List each line of the data that holds the string "Küberl", please.

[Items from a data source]
══════

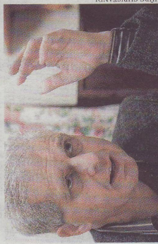
Caritas-Chef Küberl kritisiert Maria Fekter

Küberl lobt, dass auf lokaler Ebene schon viel für eine bessere Integration geschehe – Positivbeispiele seien die beiden Städte Dornbirn und Kapfenberg.
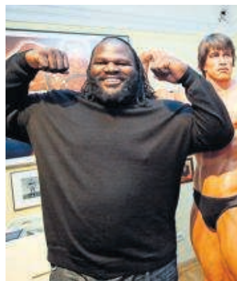
Mark Henry posierte gut gelaunt im Schwarzenegger-Museum

So sanft kann sich ein WWE-Wrestler freuen: Mark Henry , im Showsport besser bekannt als „The World’s Strongest Man“, besuchte gestern vor dem WWE-Abend in der Grazer Stadthalle das Schwarzenegger-Museum in Thal. „Ich bin ein Fan und wollte unbedingt hierher. Das Schöne an meinem Beruf ist, dass ich bei Reisen solche Orte wie das Geburtshaus von Arnold Schwarzenegger sehen kann“, zeigte sich der massige 40-Jährige beeindruckt. Henry verbindet auch ein sportlicher Erfolg mit der steirischen Eiche: Der 40-Jährige gewann 2002 die offizielle „Arnold Strongman Classic“.
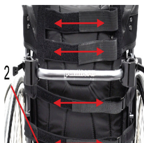
Tensiunea tapiteriei spătarului
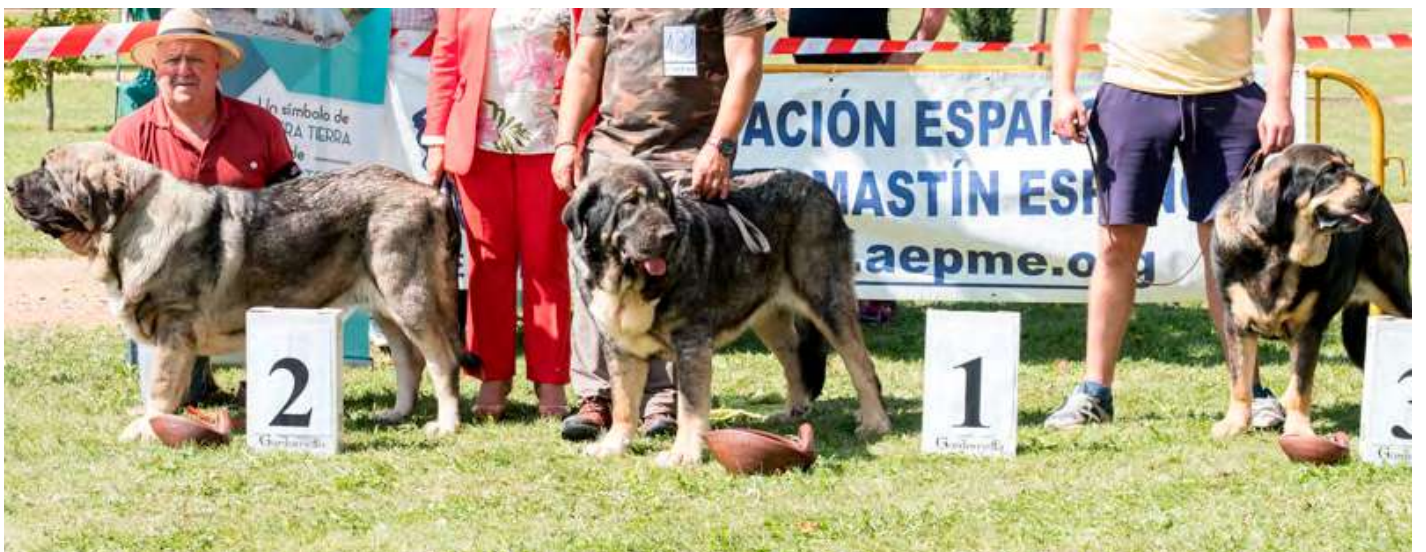
PODIUM INTERMEDIA HEMBRA
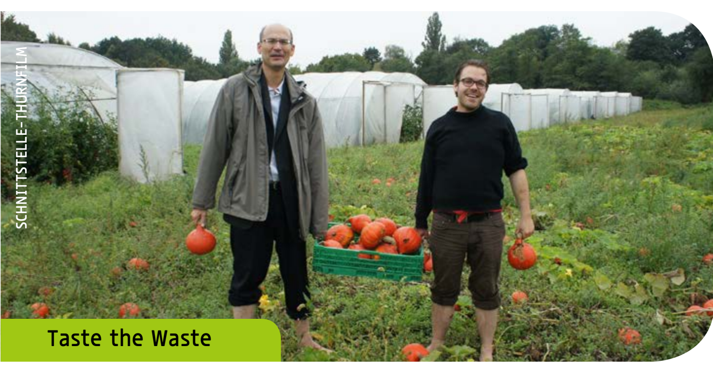
Taste the Waste
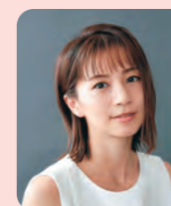
やすだ みさこ さん 安田 美沙子さん
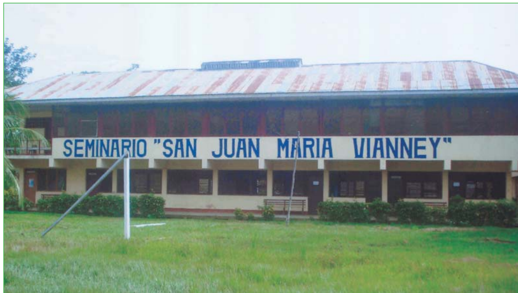
Seminario de Puerto Maldonado

Presupuesto: 70.200,00 $USA Se solicitan: 70.200,00 $USA
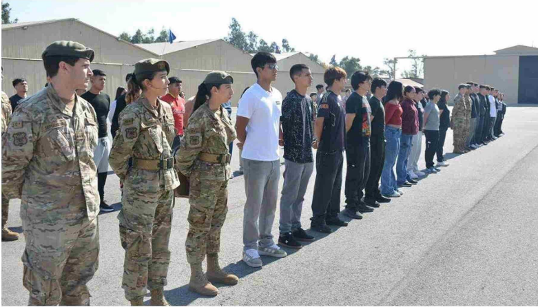
Un total de 87 voluntarios, en mayoría mujeres, conforman el gran contingente de jóvenes que se integran a las filas para cumplir con el Servicio Militar Obligatorio en Rancagua.
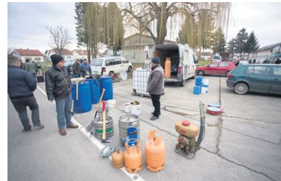
Po povoljnim cijenama mogu se kupiti i plinske boce

doći, upozoravaju nas posjetitelji. - E, moj sinko, rado bih popila kavu ili nešto toplo pojedla, ali restoran na ovom prostoru zatvoren je već mjesec dana. Ne možemo nigdje obaviti ni nuždu, a kamoli nešto popiti ili pojesti - kazala nam je jedna starija gospođa želeći ostati anonimna da joj netko ne bi zamjerio zbog ove izjave. Prodavači na sajmu o vremenskim prilikama ne trebaju brinuti, jer dolaskom još hladnijeg vremena organizatori buvljaka iz Poslovnog parka Virovitica preselit će sajam na zatvoreni dio Gradske tržnice. Ondje postoji i javni toalet, a i ugostiteljski objekti su blizu. No, nakon povratka na prostor bivše vojarnе i prodavači i kupci nadaju se da će i tamo moći koristiti iste pogodnosti.
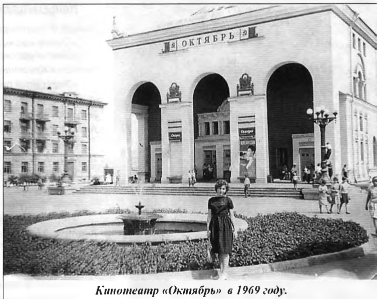
Кинотеатр «Октябрь» в 1969 году.

Поначалу в «Октябре» работали на советском оборудовании КН-23. Чтобы обеспечить непрерывный показ полнометражных фильмов, использовали два одинаковых кинопроектора, каждый из которых называли
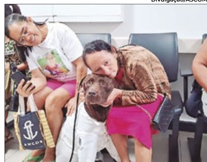
Terapia promove benefícios emocionais e físicos
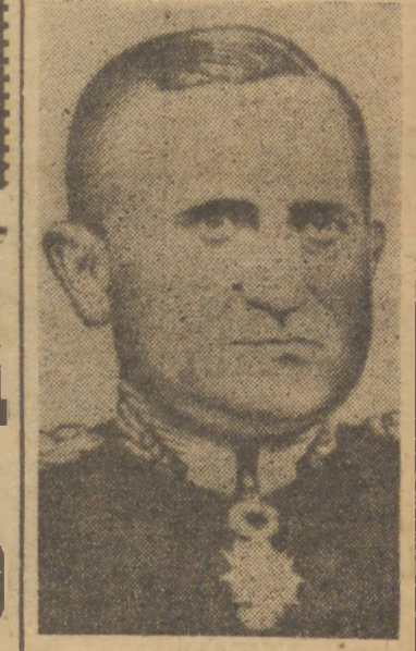
GENERAL EURICO GASPARDUTRA, Ministro da Guerra

RIO, 8 (A. N.) — A 9 de dezembro de 1936, assumiu as elevadas funções de Ministro da Guerra, o General

══════

## [Expected answer]
Caritas-Chef Küberl kritisiert Maria Fekter
Küberl lobt, dass auf lokaler Ebene schon viel für eine bessere Integration geschehe – Positivbeispiele seien die beiden Städte Dornbirn und Kapfenberg.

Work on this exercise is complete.